● WHAT YOU SHOULD DO: Copy exactly and only the lines running from the one that contains "Stylish metal roller" to the final line of the data below, without the pictures.

● COLLECTED MATERIAL:

# # # #

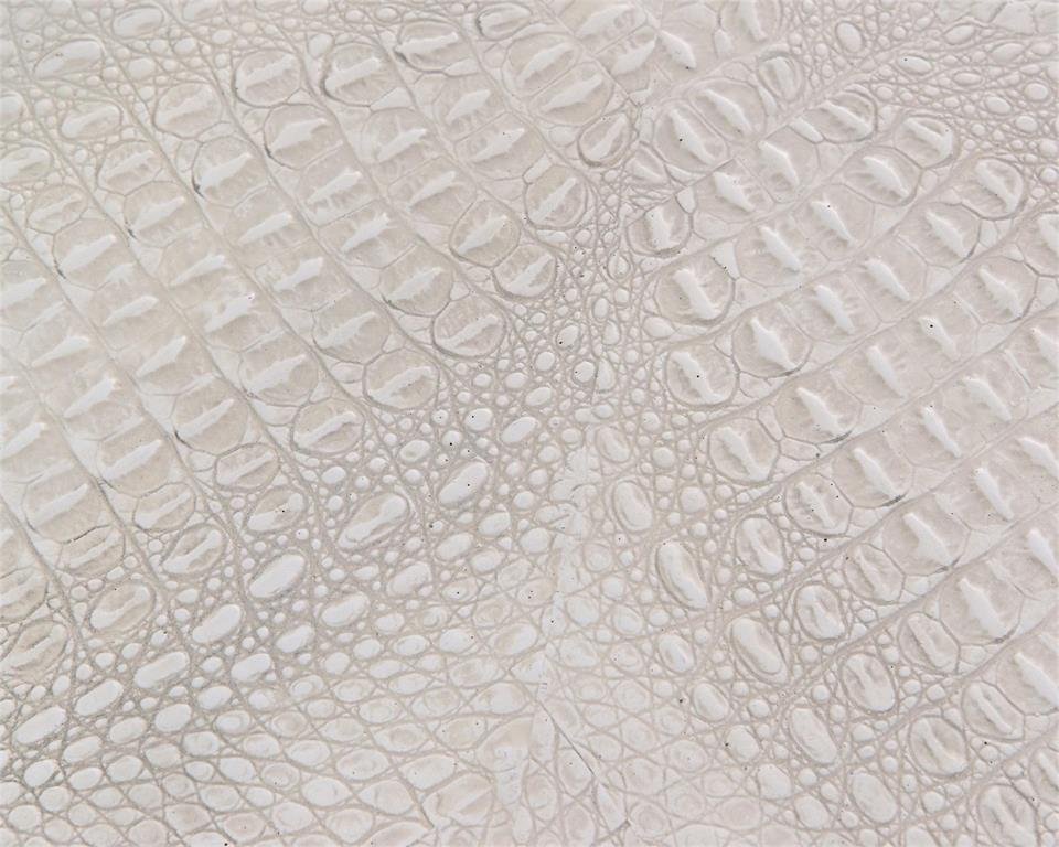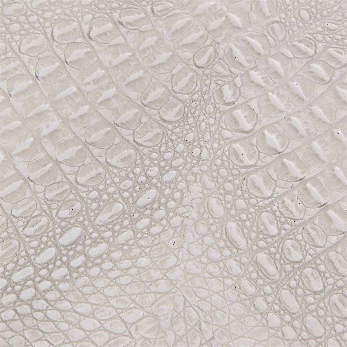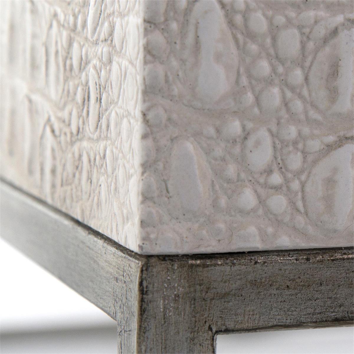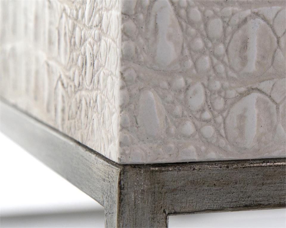 Mounted on a simple metal-framed base in a textured finish in Silver White, the top of the Kano cocktail table features a book-matched crocodile pattern in textured resin finished in variegated tones of cream and white.
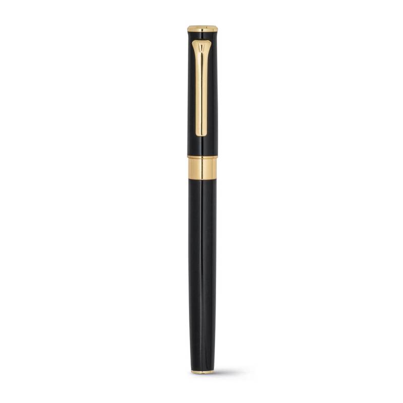 Stylish metal roller and ball pen set. Its 18-carat gold-plated elements make this set exquisite. Supplied in a padded gift case. ø12 x 136 mm | Case: 185 x 75 x 31 mm
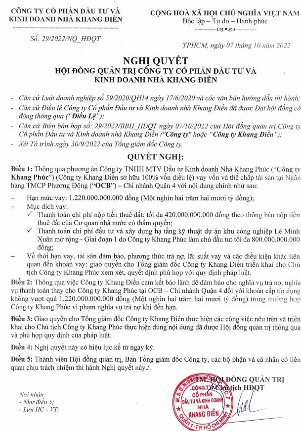 Trong một diễn biến khác, Nhà Khang Điền cho biết sẽ bảo lãnh vay vốn cho Công ty TNHH MTV Đầu tư Kinh doanh Nhà Khang Phúc (công ty con) vay vốn và thế chấp tài sản tại Ngân hàng TMCP Phương Đông (OCB).

# # # #

● TASK ANSWER:
 Stylish metal roller and ball pen set. Its 18-carat gold-plated elements make this set exquisite. Supplied in a padded gift case. ø12 x 136 mm | Case: 185 x 75 x 31 mm
 Trong một diễn biến khác, Nhà Khang Điền cho biết sẽ bảo lãnh vay vốn cho Công ty TNHH MTV Đầu tư Kinh doanh Nhà Khang Phúc (công ty con) vay vốn và thế chấp tài sản tại Ngân hàng TMCP Phương Đông (OCB).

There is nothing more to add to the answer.